The Kenosha Yacht Club of Kenosha, Wisconsin is located 50 miles north of Chicago on the western shore of Lake Michigan and is adjacent to the Southport Lighthouse on Simmons Island in downtown. The Kenosha Yacht Club is a member of US Sailing, Lake Michigan Yacht Racing Association, Lake Michigan Sail Racing Federation, and the Regional Sailing Association.

Kenosha Community Sailing Center 
The Kenosha Community Sailing Center (KCSC) is a collaborative effort between the Kenosha Yacht Club, local organizations and schools. Its goal is to educate Kenosha youth in the sport of sailing while integrating academic, leadership and life skills. The KCSC also promotes awareness of, and access to, the Kenosha Harbor and Lake Michigan's resources and environment for people of all ages through the sport of sailing.  Kenosha's lakefront is one of the most boater friendly on the great lakes.

History 
The Kenosha Yacht Club is one of the oldest organizations in Kenosha and was originally chartered in 1912. According to the best records that can be found, the first commodore was Buck Ferry.

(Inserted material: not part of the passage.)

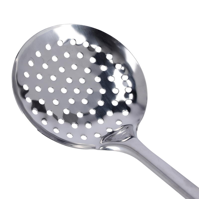 Never compromises any imperfections when it comes to your kitchen gadget. Royalford offers this unique and elegant high-quality Skimmer. Made of high-quality stainless steel, durable, long life, no corrosion, no rust, crooked, broken or deformed; rapid separation of hot oil or boiling water. Ideal for your favourite French fries, vegetables, meat, oysters, and more!It will not dissolve like plastic in thermoplastic oil; it is easy to let the liquid flow out. Suitable for fried foods, such as potato chips, chicken legs, pick up noodles, Spaetzli, pasta, pasta, etc. The long handle protects your hands from damage caused by hot oils and fats while allowing you to cook your favourite foods,Easy to clean, dishwasher safe. Mirror-polished, circular handle design, highlighting the artistic luster, easy to clean! Rivet reinforcement, durable, hollow handle, high temperature, the handle is not hot, can effectively insulate.Easy to store and easy to quickly grab this skimmer, this also looks great reflecting in the light while hanging in your kitchen; A much-appreciated gift for friends, family, and co-workers. Cooks, professional chefs, and institutional cafeterias are buying several sets at a time.

In February 1918, a Mr. Peterson deeded all the land south of the Coast Guard headquarters and east to the lakeshore to the KYC. A building formerly used by the Jackson Lumber co. was sold to the KYC and moved to the site to serve as headquarters. However, in April 1921 the land was returned to Peterson who lost it to the City of Kenosha in November of that year.

Little is known of the KYC from 1921 until 1932 when it was incorporated under Commodore Alex Werner, who remained commodore for that year and then was re-elected for the years 1940 through 1943, the year the club was re-chartered.

From 1932 through 1946 the club met in the old Morgan Boat House. This building was erected in the early 1900s to serve as the Lake Michigan Base for J.P. Morgan’s steam yachts. In 1946 the Club was evicted from the boathouse and the building was to be torn down to make room for additional coal docks. After an extension of time, a club committee negotiated with the city for the site where the club stands today. They received a 20-year lease from the city and planned to move the boathouse to the site. However, before this could be accomplished, the boathouse burned down.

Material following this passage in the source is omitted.